Summary: ethttool -S on r8169 version 2.2LK hangs when interface is down
Product: Red Hat Enterprise Linux 4 Reporter: Bryn M. Reeves <bmr>
Component: kernelAssignee: Ivan Vecera <ivecera>
Status: CLOSED ERRATA QA Contact: Red Hat Kernel QE team <kernel-qe>
Severity: medium Docs Contact:
Priority: medium    
Version: 4.6CC: cward, dmair, tao
Target Milestone: rc   
Target Release: ---   
Hardware: All   
OS: Linux   
Whiteboard:
Fixed In Version: Doc Type: Bug Fix
Doc Text:
Story Points: ---
Clone Of:
: 490162 (view as bug list) Environment:
Last Closed: 2009-05-18 19:30:50 UTC Type: ---
Regression: --- Mount Type: ---
Documentation: --- CRM:
Verified Versions: Category: ---
oVirt Team: --- RHEL 7.3 requirements from Atomic Host:
Cloudforms Team: --- Target Upstream Version:
Embargoed:

Description Bryn M. Reeves 2008-04-03 17:33:54 UTC
Description of problem:
Running ethtool -S on a Realtek R8169 device that is currently down causes
ethtool to hang:

$ ethtool -S eth0
<waits forever>

The tool is interruptible by signals during this hang.
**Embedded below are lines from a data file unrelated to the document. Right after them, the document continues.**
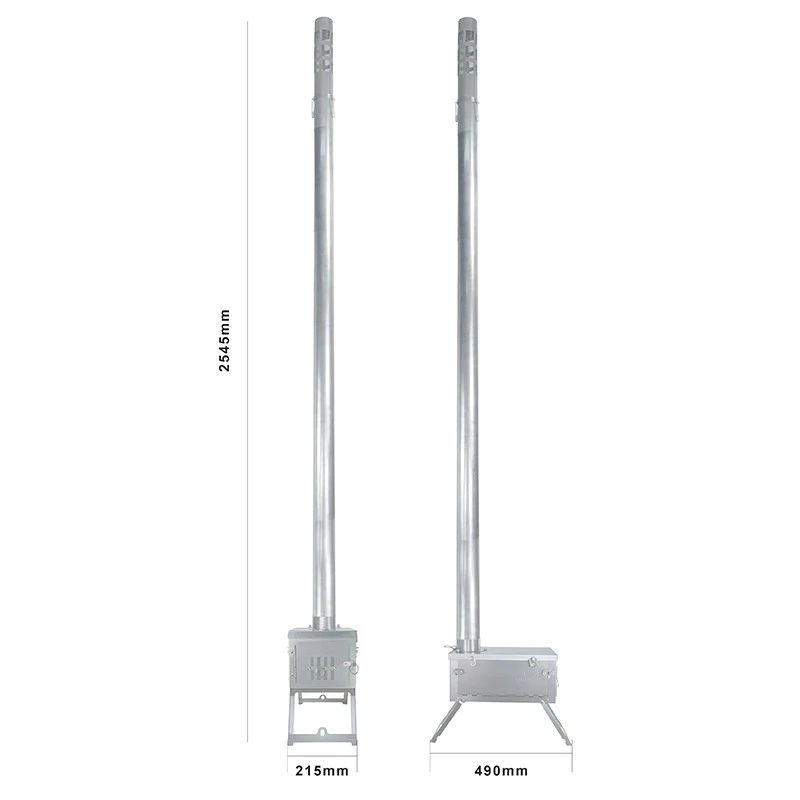 Ses tubes rigides lui assurent une meilleure stabilitĂ© et permet dâatteindre une hauteur totale de 255 centimĂštres Ă la sortie du conduit de cheminĂ©. La partie sommitale est Ă©quipĂ©e dâun pare-Ă©tincelles pour Ă©viter la projection de braise Ă lâextĂ©rieur. Il est conseiller dâhaubaner le conduit (haubans non fournis) au niveau du pare-Ă©tincelles lorsquâil y a du vent. Deux grands piquets en titane de 30 centimĂštres permettent de stabiliser le poĂȘle au sol.
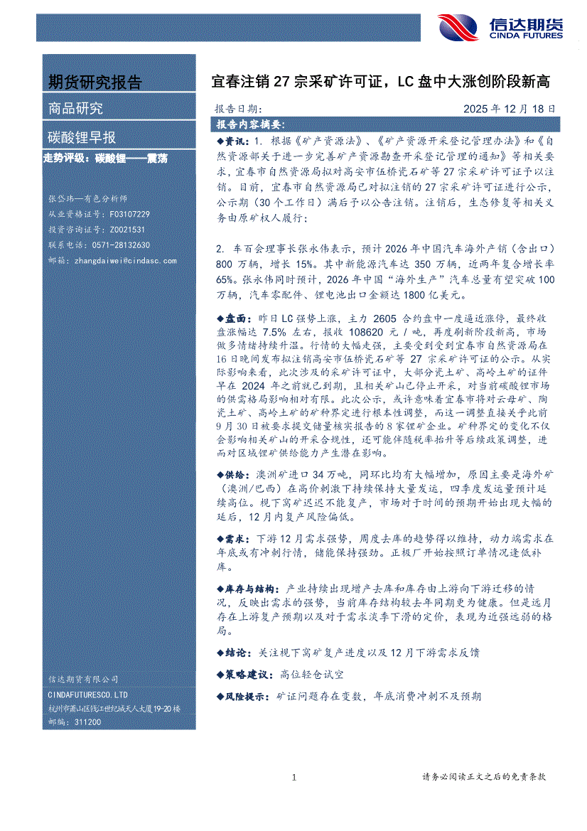 信达期货-碳酸锂早报:宜春注销27宗采矿许可证,LC盘中大涨创阶段新高-251218
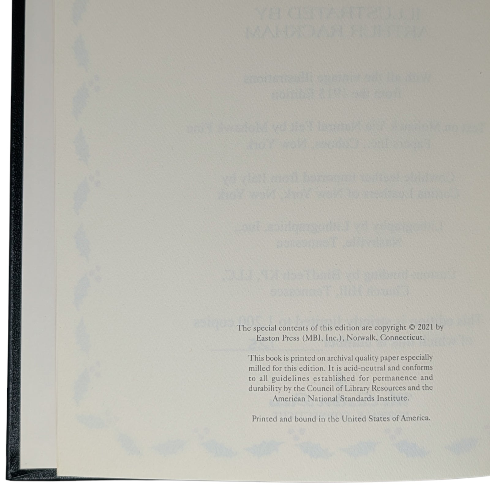 9" x 11 1/4”, 168pp. Bound in full cowhide leather imported from Italy in Church Hill, Tennessee, with five raised bands to spine and gilt decoration to front cover and spine. All edges gilt. Illustrated endpapers (reproduced from the 1915 edition). Satin ribbon page marker. Printed on acid-neutral Mohawk via Natural Felt paper by Mohawk Fine Papers in New York. Sewn binding. All illustrations with captioned tissue guards. Housed in a cloth-bound slipcase with gilt decoration to one panel. A rather beautiful production.
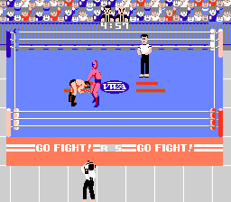 The player chooses a character from a roster of six wrestlers, each with a unique set of wrestling moves. In addition to punching, kicking, and running attacks, wrestlers may "lock up" with each other to execute body slams, piledrivers, and other professional wrestling moves. Wrestlers are also able to climb the top two turnbuckles for additional high-flying attacks. Matches are one-on-one, with no option for tag team bouts. Downed opponents may be hauled up from the mat, allowing the opponent a window to execute additional attacks, or may be pinned instead. As in professional wrestling, a wrestler who is pinned for a three count loses the match. One-player matches are timed, with the match being declared a draw if no pinfall occurs within the five-minute time limit.

Previous versions would exit with no stats as the old driver did not provide an
ethtool_stats method.

Version-Release number of selected component (if applicable):
2.6.9-42.32 onwards

How reproducible:
100%

Steps to Reproduce:
If eth0 is an 8169:
1. ifconfig eth0 down
2. ethtool -S eth0

Actual results:
Hang

Expected results:
Returns 0 stats like other NIC drivers.

Additional info:

Comment 1 Bryn M. Reeves 2008-04-03 17:43:33 UTC
Using strace shows we're hanging out in the ethtool ioctl:

24564 06:29:11 munmap(0x2a95557000, 138967) = 0
24564 06:29:11 socket(PF_INET, SOCK_DGRAM, IPPROTO_IP) = 3
24564 06:29:11 ioctl(3, SIOCETHTOOL, 0x7fbffff5c0) = 0
24564 06:29:11 brk(0)                   = 0x513000
24564 06:29:11 brk(0x534000)            = 0x534000
24564 06:29:11 ioctl(3, SIOCETHTOOL, 0x7fbffff5c0) = 0
24564 06:29:11 ioctl(3, SIOCETHTOOL, 0x7fbffff5c0) = 0
24564 06:42:41 --- SIGINT (Interrupt) @ 0 (0) ---
24564 06:42:41 +++ killed by SIGINT +++

I'm wondering if this is down to this code:

+       while (RTL_R32(CounterAddrLow) & CounterDump) {
+               if (msleep_interruptible(1))
+                       break;
+       }
+

It seems like the only thing that would put us in interruptible sleep in the
ethtool_stats path here - is it plausible that the terminating condition would
never be reached if the NIC is down?

The code's unchanged upstream (introduced in commit
d4a3a0fc9c2d012093cf75a8d95034966c17e71e), but it seems like adding a
timeout/iteration limit on that loop would address this?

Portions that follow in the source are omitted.